Thinking it had come from behind, he swung around, then fell on the grass.  He could feel his consciousness fading away, but he fought as best he could to stay awake.  Remembering when Connie had tried to bury him alive eight months before, this was the scariest sleepiness ever.

He clumsily got up and tried to focus on anything visible in the darkness.  He could see nothing, but he couldn’t be any surer than he was of who was with him.

“Didn’t see me in the Mac’s Milk store, did you, Larry?” she said softly, her voice seeming to rotate in all directions around him.  “I was counting on that when I dropped the pill in your coffee.”

“Connie…you…crazy…bitch,” he slurred, trying desperately to stay standing.  “You haven’t…eaten…our daughter yet, have you?”

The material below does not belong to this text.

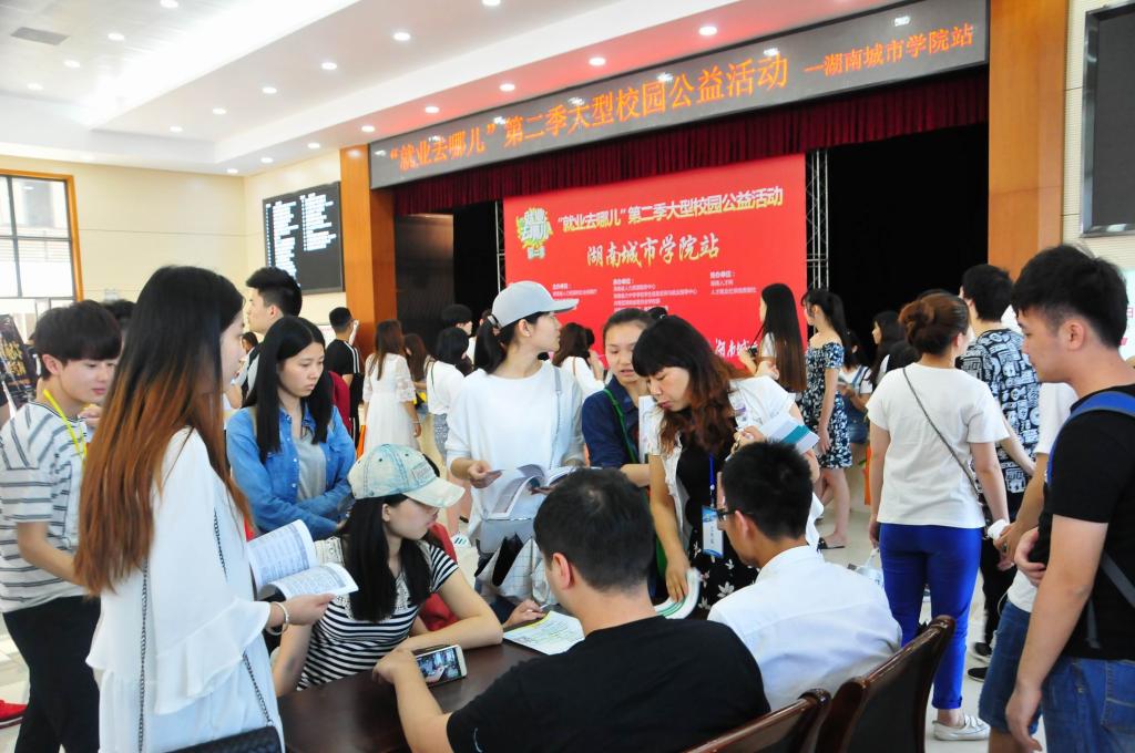 (本网讯)5月16日下午,湖南省“就业去哪儿”第二季大型校园公益活动在我校第二办公楼学生活动中心隆重举行。副校长郑卫民、招生就业处全体工作人员以及各二级学院师生几百人参加了此次活动。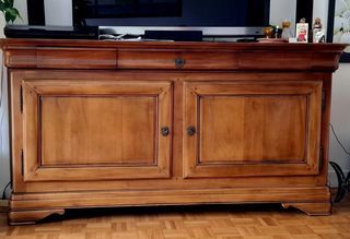 Buffet merisier massif Dimensions Longueur : 1,77 mètre Profondeur : 55 cm Hauteur : 90 cm Tiroirs, façade, côté et dessus en merisier massif Fond et étagère intérieure en chà¢t

“No, no,” Connie said.  “She’s at the house, the babysitter taking care of her.  I’ll make sure the babysitter is gone when we’re there, though.  Don’t want her to see what I’m gonna do to you and Candy.”

“Don’t…hurt…the baby.”

“Why don’t you just let yourself lose consciousness,” Connie said, apparently walking in circles around him, for her voice seemed to continue moving that way around his head.  “You’ll be knocked out in a minute anyway, no matter how hard you try to resist.”

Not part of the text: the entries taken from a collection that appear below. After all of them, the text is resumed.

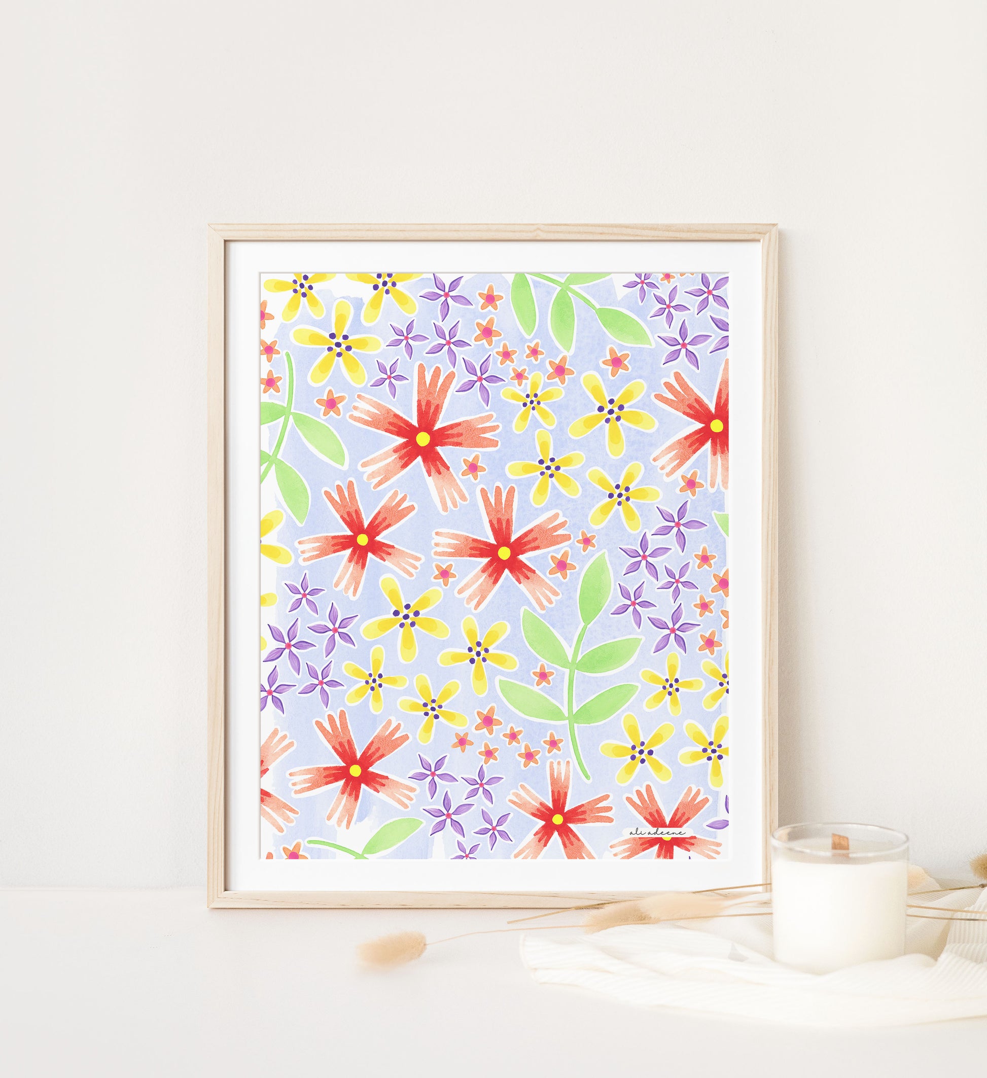 Each element is hand painted with watercolor, and then assembled digitally to create the final design. A small ‘Ali Adeene’ logo is printed in the bottom-right of each print.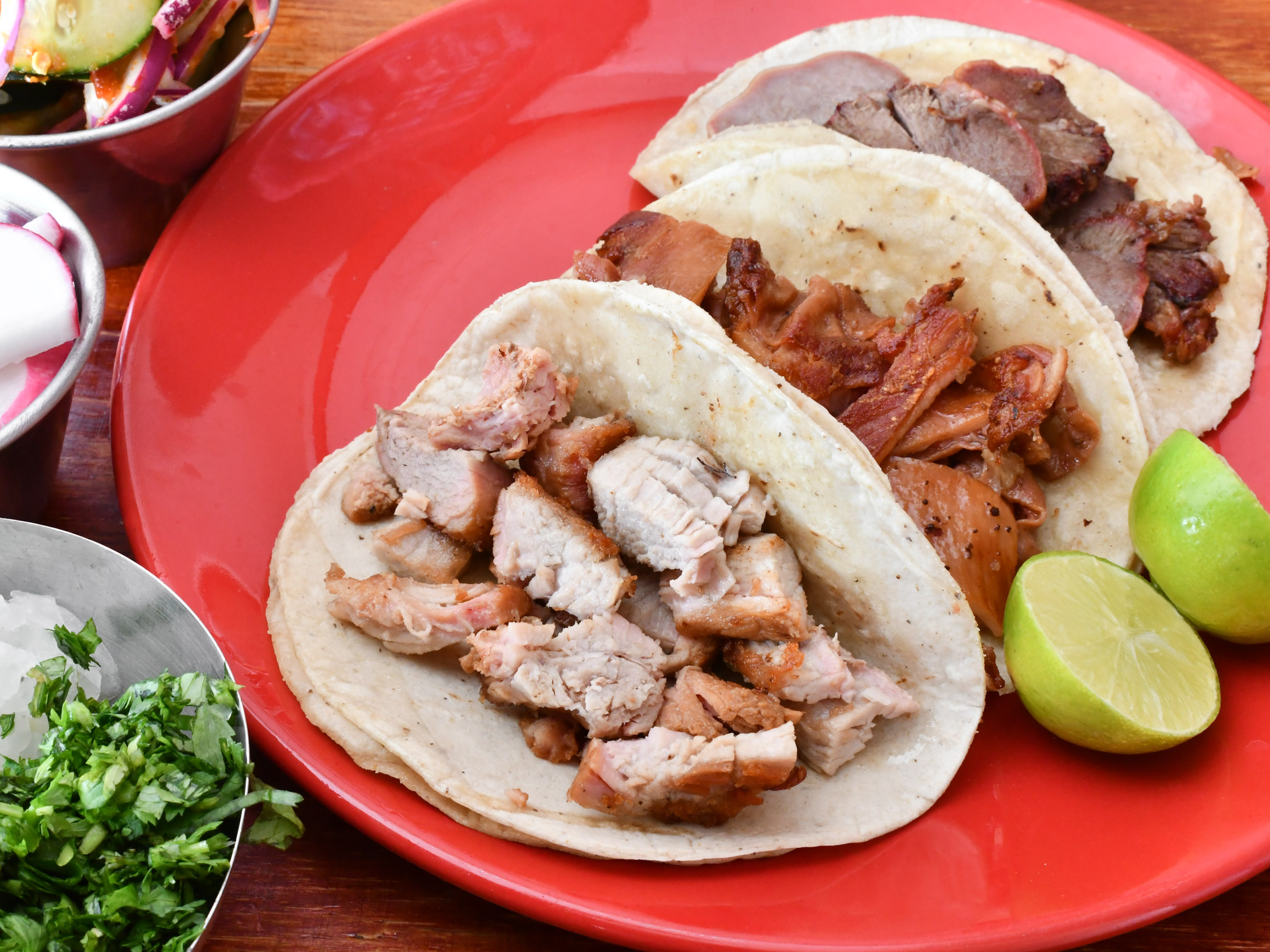 Taco dorado con una porción de carne, acompañada con col cebolla y salsas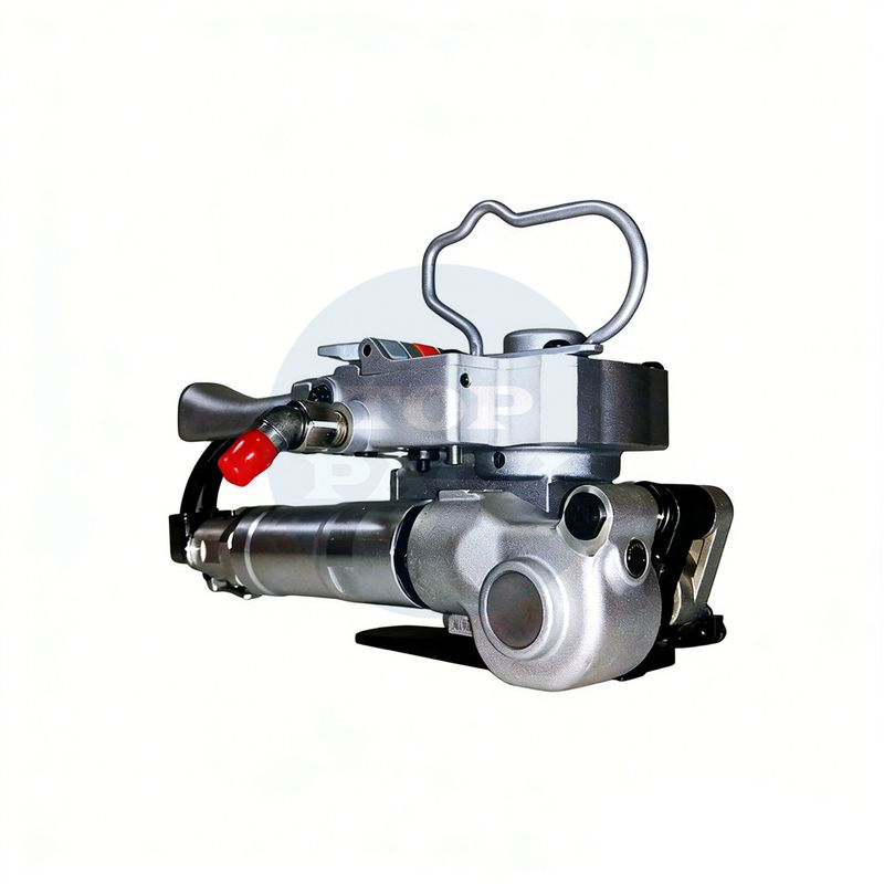 Driven by a pneumatic motor, it operates with low noise and consumes only 0.3L of compressed air per minute, ensuring economical use costs. It is compatible with environment-friendly PET/PP strapping tapes that are pollution-free and recyclable, complying with green packaging standards.

He kept trying to stay awake, building anger and fear to give himself adrenaline to counteract her drugs.  He was standing and moving with the clumsiness of a man who’d had over a dozen glasses of whiskey.

“Oh, well,” she said, tapping something in her hands that was obscured in the darkness.  “You’ll have to be knocked out in a more literal way.”

He then felt a wooden stick crack against the back left corner of his head.  He fell on the grass, and everything went black…


Larry woke up, tied to a table in a room in Connie’s dimly-lit basement.  The fibres of the ropes binding him were digging into his bloody wrists and ankles as he struggled futilely to break free.

Connie was standing to his right, looking down on him and holding little Candy in her arms.  Connie grinned as she watched him blink his eyes to focus better.

“See, Larry?” she said, bringing the baby up close to him.  “This is our baby Candy.  Candy, look down at Daddy.”  She held Candy so she could see Larry, who tried to hide his fear and despair with a loving smile.

“Connie,” he said with a raspy voice.  “Or should I call you Wilma Sweeney?”

“Oh, so you’ve done a little research on my past, eh?” she asked, walking away with Candy and placing her on a table by Larry’s feet.  Then she picked up a butcher’s knife.

“No!” he screamed, and began crying.  “Don’t hurt her!”

Connie put her finger to her lips to tell him to be quiet.  Candy began crying, and Connie calmed her with caresses on her belly, gently shushing her.

“I guess that farmer dug you out of the hole I put you in,” she said, grinning down at Candy and swinging the knife in the air in a chopping motion.  “Lucky you.”

He strained his neck so he could see Candy on the table.  The baby smiled and giggled innocently as Connie tickled her belly and smiled lovingly down at her.  “Please, Connie,” he begged.  “Don’t.”

“I will, Larry.  You won’t stop me.  Just accept it.  Then I’ll kill you; but this time, I’ll make sure you’re dead.”

“How?” he sobbed.

“I’ll eat your flesh after I eat hers.  That way, the whole family will be together, in my belly.”  She gestured with her arm, about to bring the knife down on Candy.